- Exercise inputs:
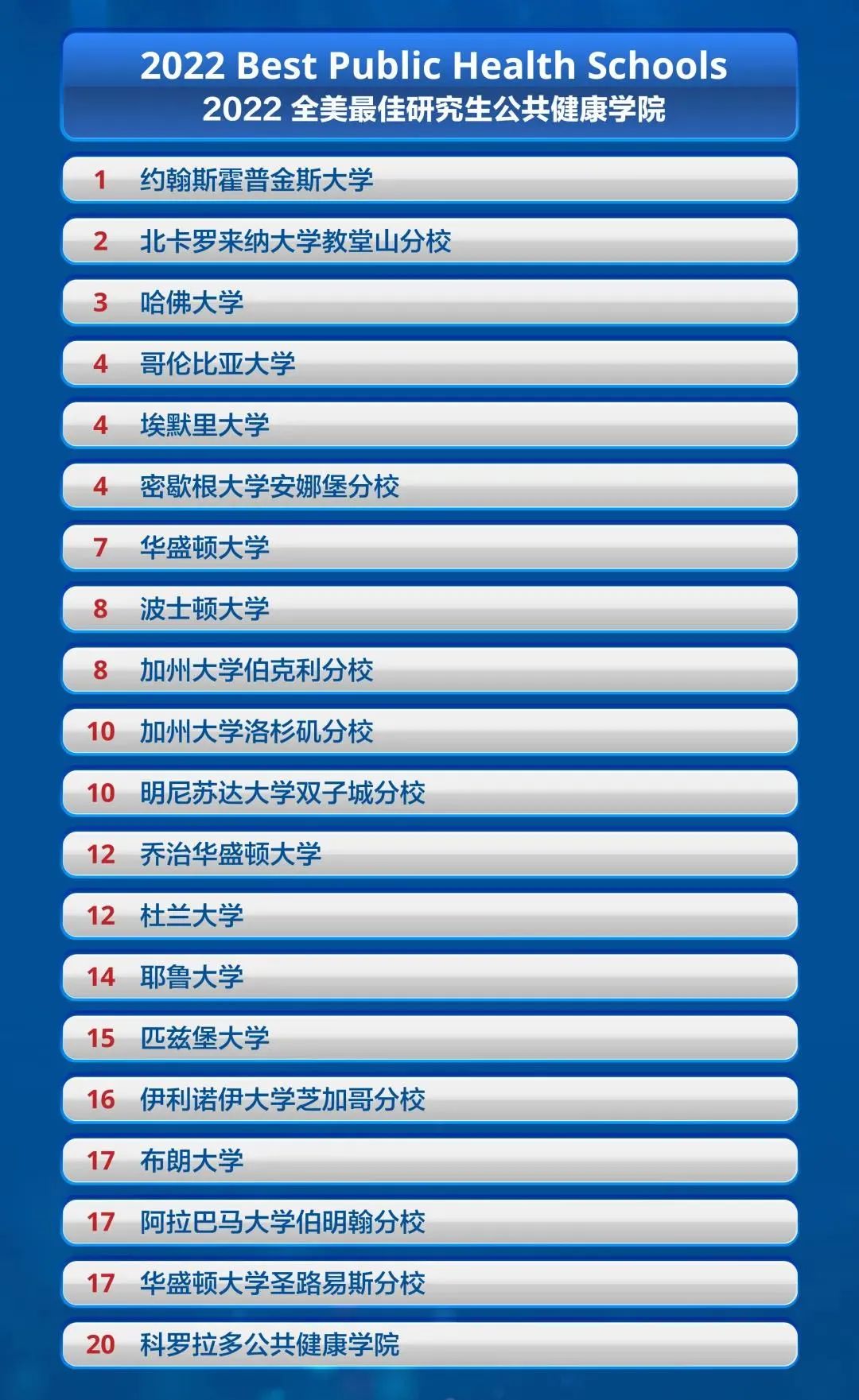 在公共健康学院排名中,JHU、北卡罗莱纳教堂山分校、哈佛瓜分前三名额;哥大、埃默里、UMich并列第4名;UCB和UCLA,这两所加州系名校分别排第8位和第10位。
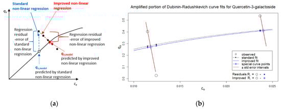 (a) Theory of non-linear regression of adsorption data with standard non-linear regression and novel improved non-linear regression. (b) amplified figure of example of novel improved non-linear regression of Dubinin-Radushkevich isotherms (quercetin-3-galactoside adsorption onto β-glucan).
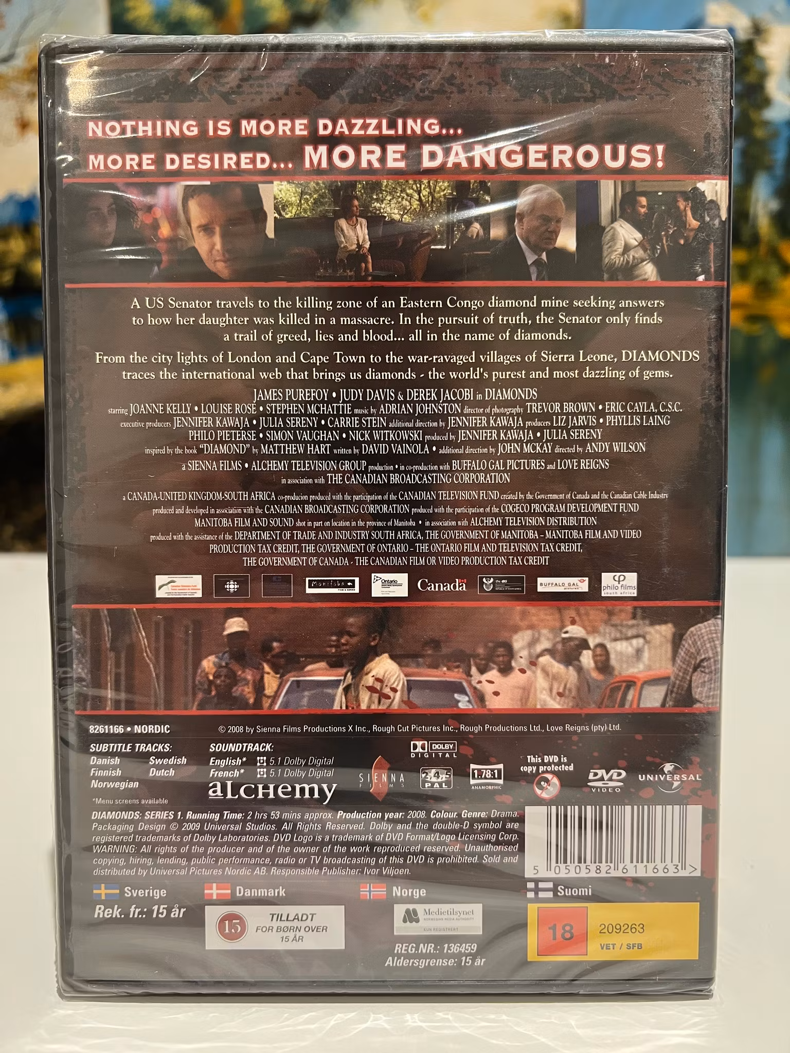 Denna miniserie spÄrar det internationella nÀtverk som förser vÀrlden med dess mest eftertraktade Àdelstenar, frÄn de krigshÀrjade byarna i Sierra Leone till styrelserummen i London och Kapstaden. I den starka rollistan ser vi Àven James Purefoy (Rome), Derek Jacobi (Gladiator) och Joanne Kelly.
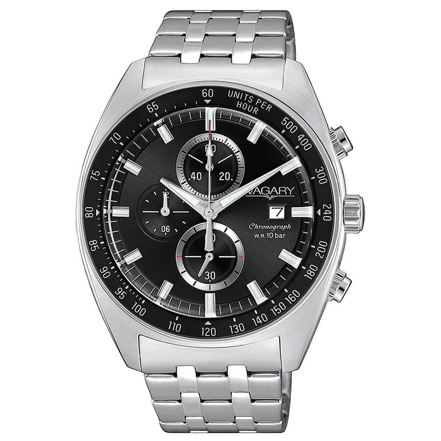 Orologio Vagary da uomo nero acciaio crono VA1-218-51
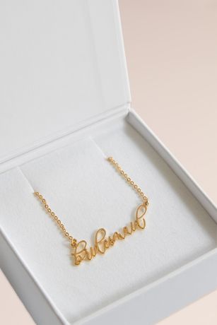 Delicate script spells out the word "bridesmaid" on this simply beautiful necklace. Present it as a gift on your wedding day or use it as a way to ask her to be one of your leading ladies.

- Task directions:
Quote, please, only the lines running from the one with "Denna miniserie spÄrar" down to the final line of the data above, keeping both ends and skipping the pictures.

- Output of the exercise:
 Denna miniserie spÄrar det internationella nÀtverk som förser vÀrlden med dess mest eftertraktade Àdelstenar, frÄn de krigshÀrjade byarna i Sierra Leone till styrelserummen i London och Kapstaden. I den starka rollistan ser vi Àven James Purefoy (Rome), Derek Jacobi (Gladiator) och Joanne Kelly.
 Orologio Vagary da uomo nero acciaio crono VA1-218-51
 Delicate script spells out the word "bridesmaid" on this simply beautiful necklace. Present it as a gift on your wedding day or use it as a way to ask her to be one of your leading ladies.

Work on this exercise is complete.